• **What you will do**: Using the data below, print exactly the line with "Staffers at the", the line with "Приварку, Тип Нажатия", and every line between them, but none of the pictures.

• **Records to process**:
※ ※ ※
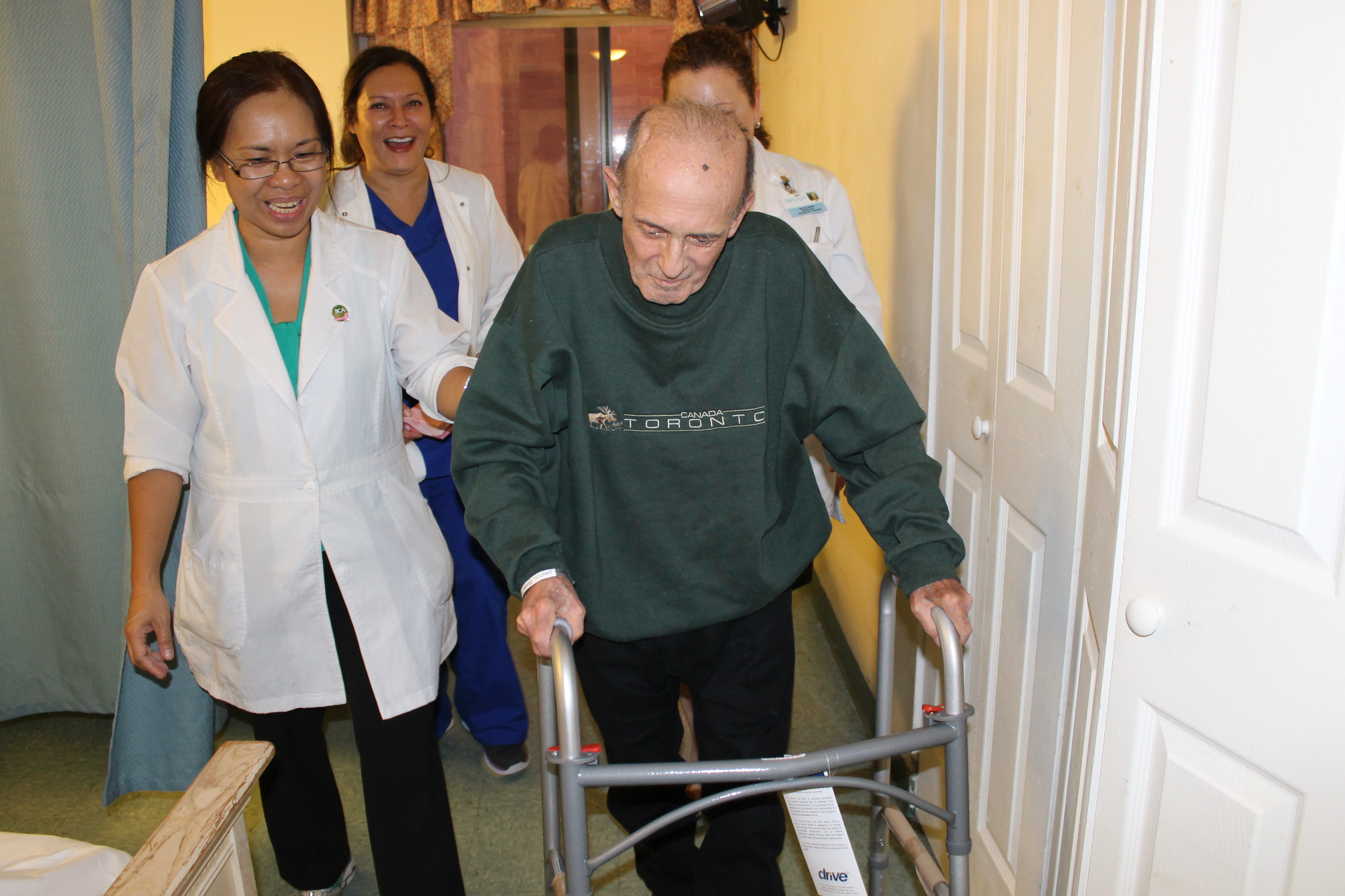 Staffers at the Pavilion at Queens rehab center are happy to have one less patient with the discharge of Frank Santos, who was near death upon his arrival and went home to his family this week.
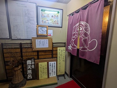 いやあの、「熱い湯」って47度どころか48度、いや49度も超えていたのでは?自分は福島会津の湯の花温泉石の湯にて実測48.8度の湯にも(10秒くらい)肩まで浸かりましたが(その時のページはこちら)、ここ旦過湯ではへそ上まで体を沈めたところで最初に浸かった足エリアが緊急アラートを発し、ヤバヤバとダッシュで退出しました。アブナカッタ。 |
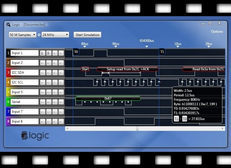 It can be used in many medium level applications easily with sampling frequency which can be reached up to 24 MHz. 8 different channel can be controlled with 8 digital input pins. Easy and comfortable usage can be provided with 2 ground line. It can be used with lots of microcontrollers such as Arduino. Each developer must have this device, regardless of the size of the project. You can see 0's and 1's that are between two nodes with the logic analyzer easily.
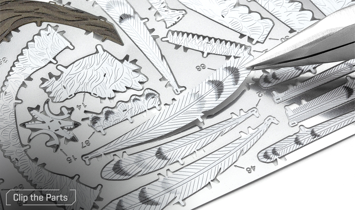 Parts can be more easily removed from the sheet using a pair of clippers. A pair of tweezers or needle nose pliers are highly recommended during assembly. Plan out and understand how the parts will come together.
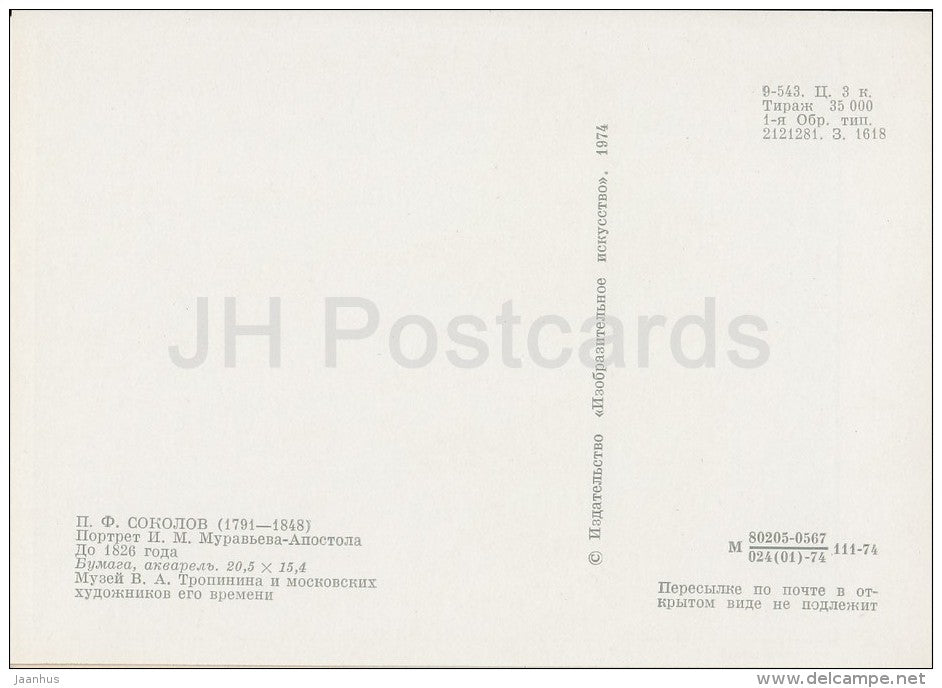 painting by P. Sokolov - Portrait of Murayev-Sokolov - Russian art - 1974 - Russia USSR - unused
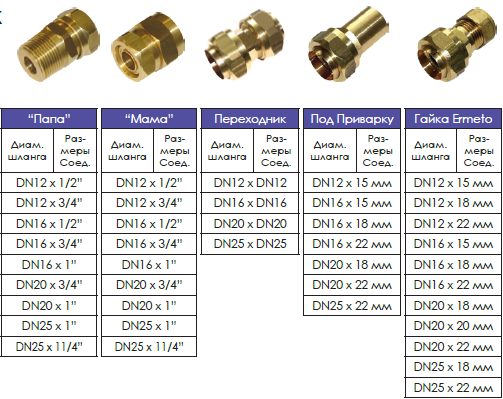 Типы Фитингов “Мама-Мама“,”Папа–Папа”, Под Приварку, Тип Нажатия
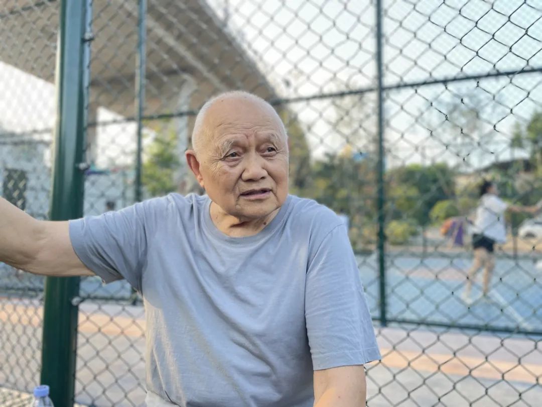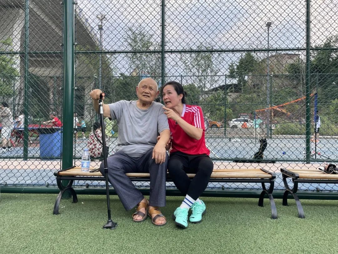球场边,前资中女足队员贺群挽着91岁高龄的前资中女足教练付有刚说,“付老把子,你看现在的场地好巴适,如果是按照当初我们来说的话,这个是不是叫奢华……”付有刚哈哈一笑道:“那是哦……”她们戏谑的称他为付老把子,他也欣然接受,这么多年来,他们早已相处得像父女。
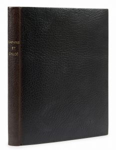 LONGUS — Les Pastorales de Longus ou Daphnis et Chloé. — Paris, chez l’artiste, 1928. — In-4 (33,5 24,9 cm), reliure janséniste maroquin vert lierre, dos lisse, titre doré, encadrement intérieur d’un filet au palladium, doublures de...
※ ※ ※
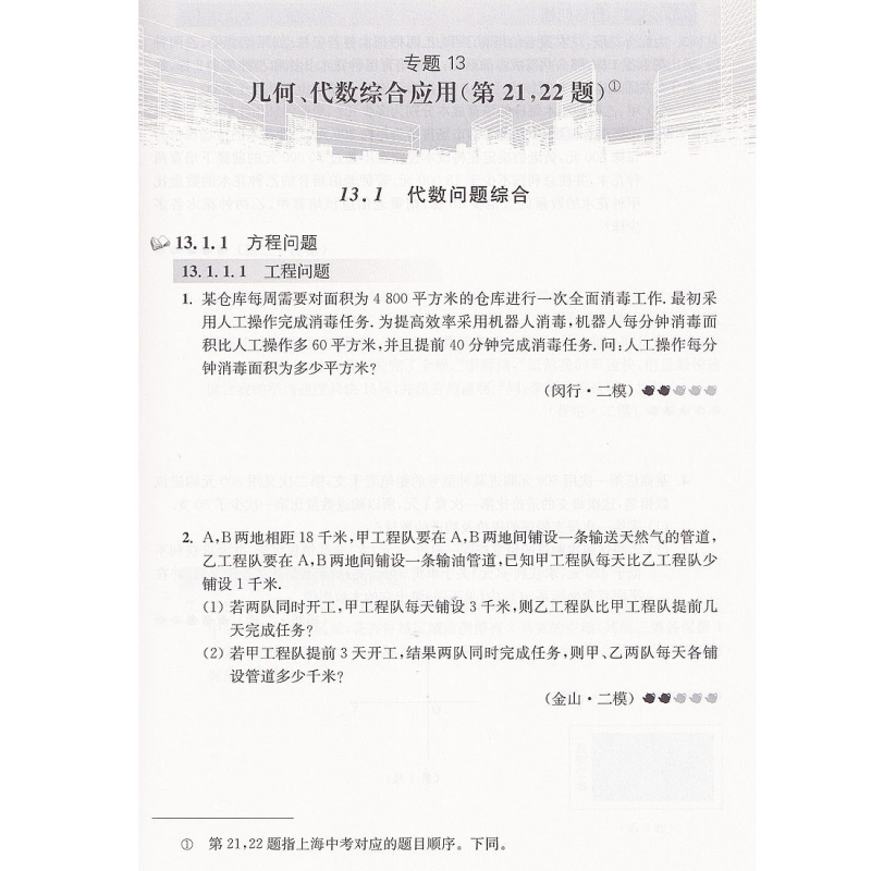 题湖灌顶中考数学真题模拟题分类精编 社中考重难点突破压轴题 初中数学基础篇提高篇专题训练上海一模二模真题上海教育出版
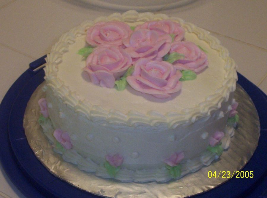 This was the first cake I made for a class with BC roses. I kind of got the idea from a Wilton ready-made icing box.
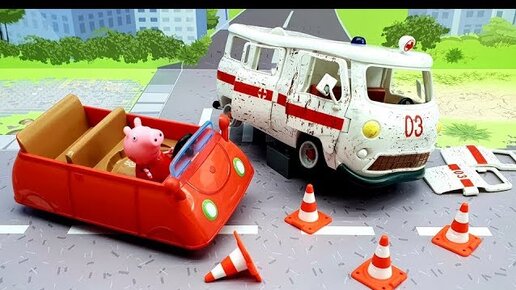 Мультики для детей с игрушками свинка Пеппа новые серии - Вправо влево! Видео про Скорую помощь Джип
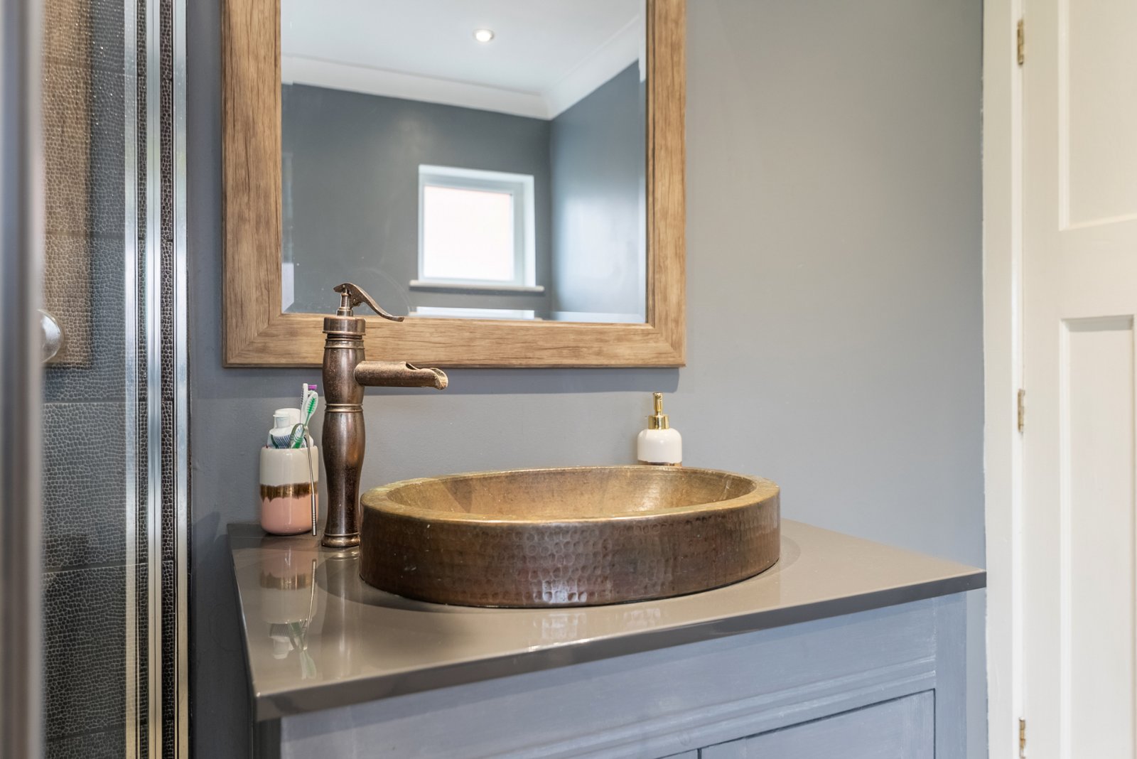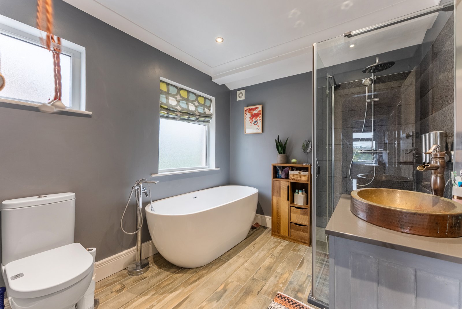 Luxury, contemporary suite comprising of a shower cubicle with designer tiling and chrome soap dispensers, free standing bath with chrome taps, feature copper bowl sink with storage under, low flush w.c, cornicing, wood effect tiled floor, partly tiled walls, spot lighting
※ ※ ※
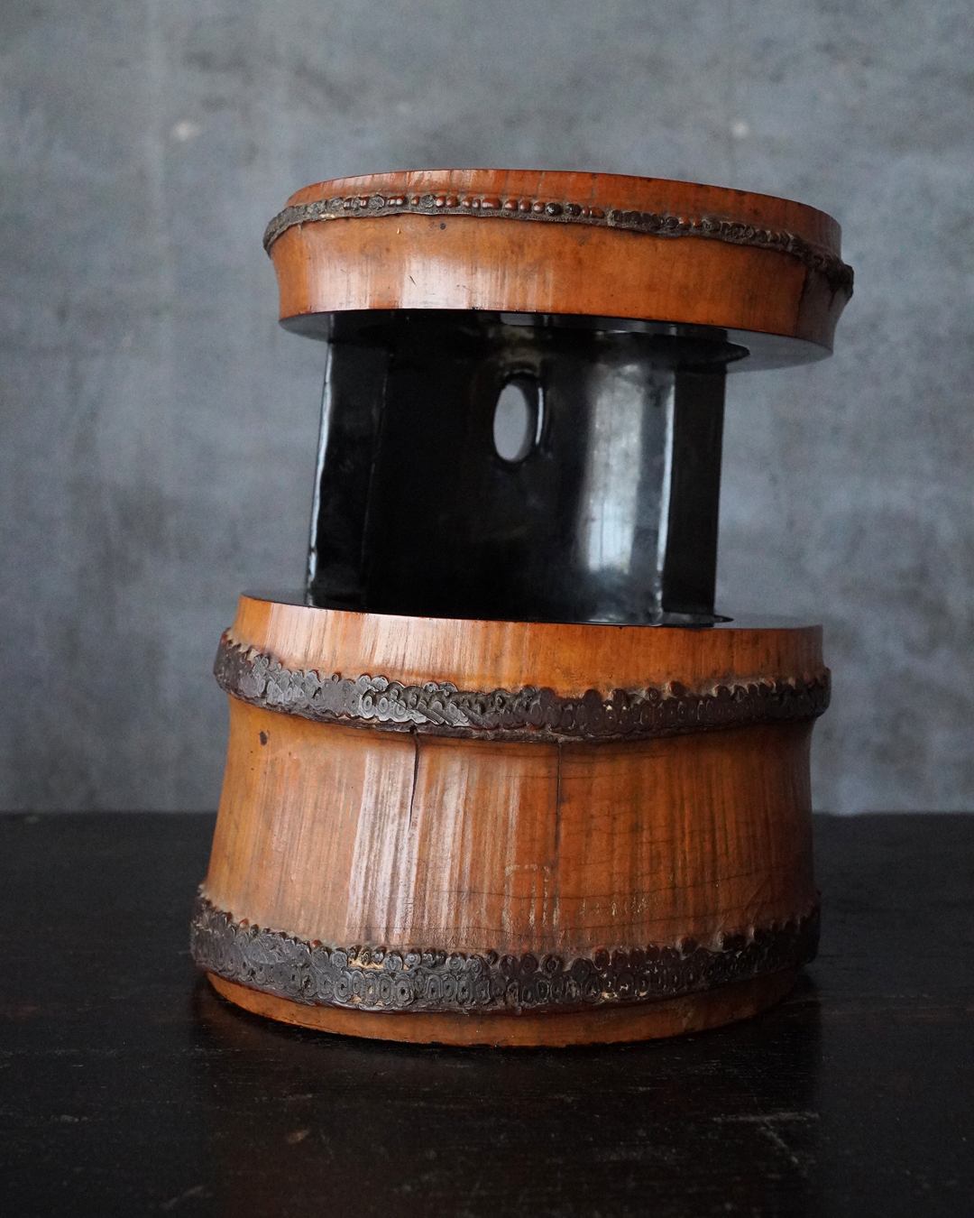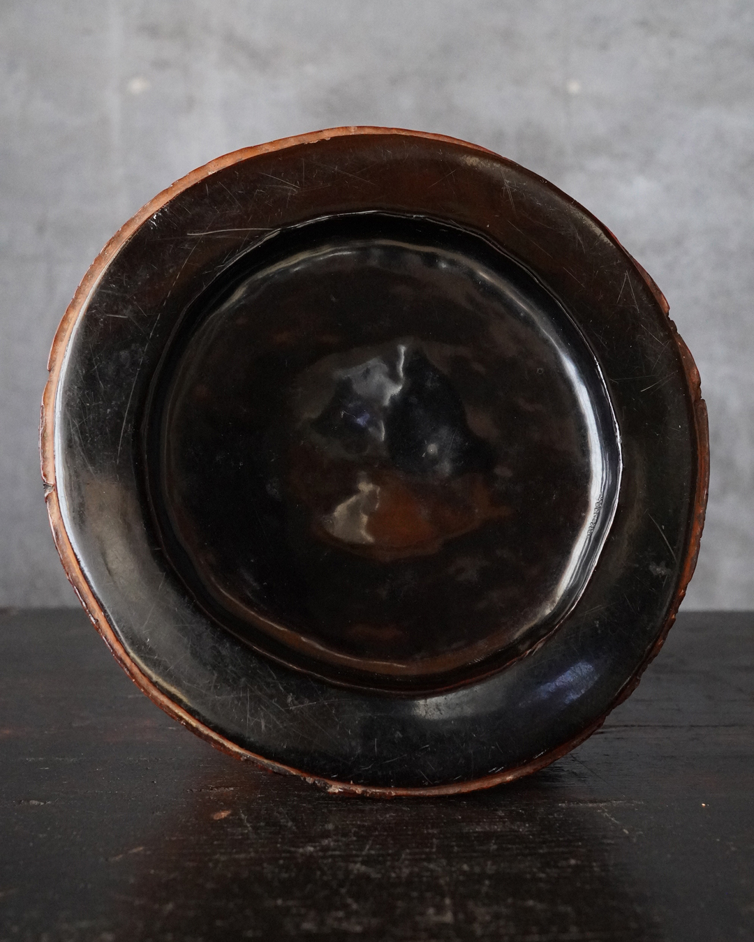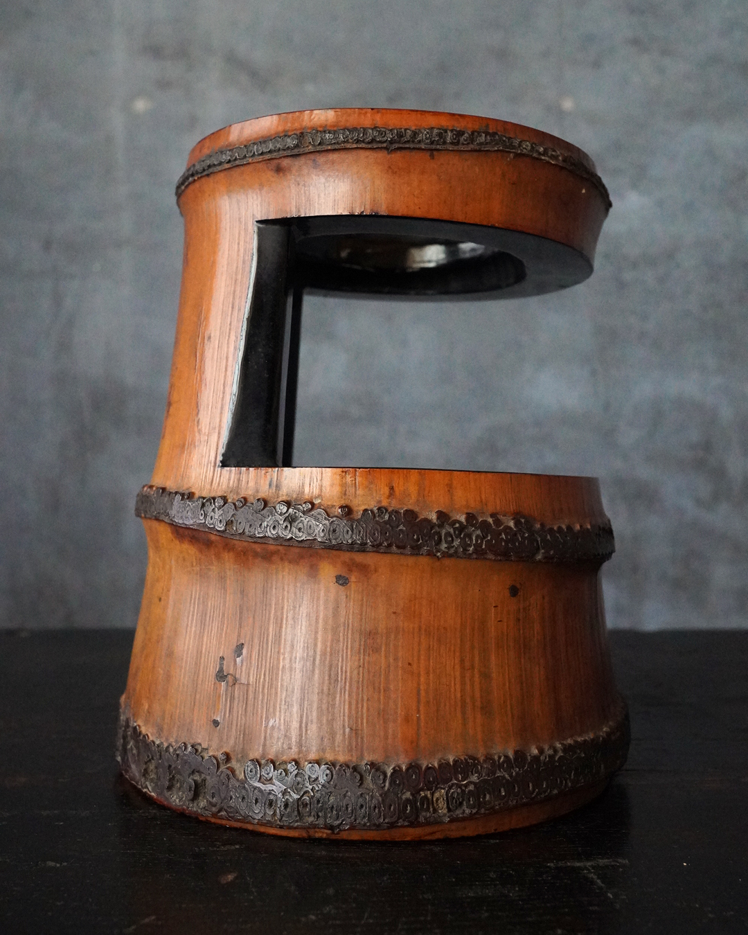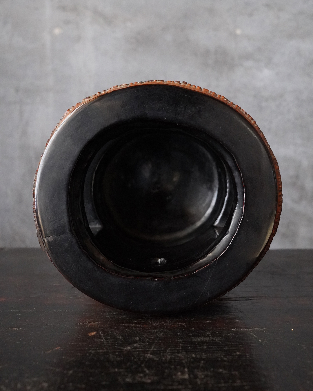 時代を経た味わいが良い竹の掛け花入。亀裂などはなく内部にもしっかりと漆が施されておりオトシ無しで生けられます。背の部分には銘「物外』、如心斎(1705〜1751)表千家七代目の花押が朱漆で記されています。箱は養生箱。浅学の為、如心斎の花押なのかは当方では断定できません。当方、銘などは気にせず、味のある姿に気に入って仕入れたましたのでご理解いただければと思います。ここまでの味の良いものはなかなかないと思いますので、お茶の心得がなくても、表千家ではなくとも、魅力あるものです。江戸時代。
※ ※ ※
• **Output**:
 Staffers at the Pavilion at Queens rehab center are happy to have one less patient with the discharge of Frank Santos, who was near death upon his arrival and went home to his family this week.
 いやあの、「熱い湯」って47度どころか48度、いや49度も超えていたのでは?自分は福島会津の湯の花温泉石の湯にて実測48.8度の湯にも(10秒くらい)肩まで浸かりましたが(その時のページはこちら)、ここ旦過湯ではへそ上まで体を沈めたところで最初に浸かった足エリアが緊急アラートを発し、ヤバヤバとダッシュで退出しました。アブナカッタ。 |
 It can be used in many medium level applications easily with sampling frequency which can be reached up to 24 MHz. 8 different channel can be controlled with 8 digital input pins. Easy and comfortable usage can be provided with 2 ground line. It can be used with lots of microcontrollers such as Arduino. Each developer must have this device, regardless of the size of the project. You can see 0's and 1's that are between two nodes with the logic analyzer easily.
 Parts can be more easily removed from the sheet using a pair of clippers. A pair of tweezers or needle nose pliers are highly recommended during assembly. Plan out and understand how the parts will come together.
 painting by P. Sokolov - Portrait of Murayev-Sokolov - Russian art - 1974 - Russia USSR - unused
 Типы Фитингов “Мама-Мама“,”Папа–Папа”, Под Приварку, Тип Нажатия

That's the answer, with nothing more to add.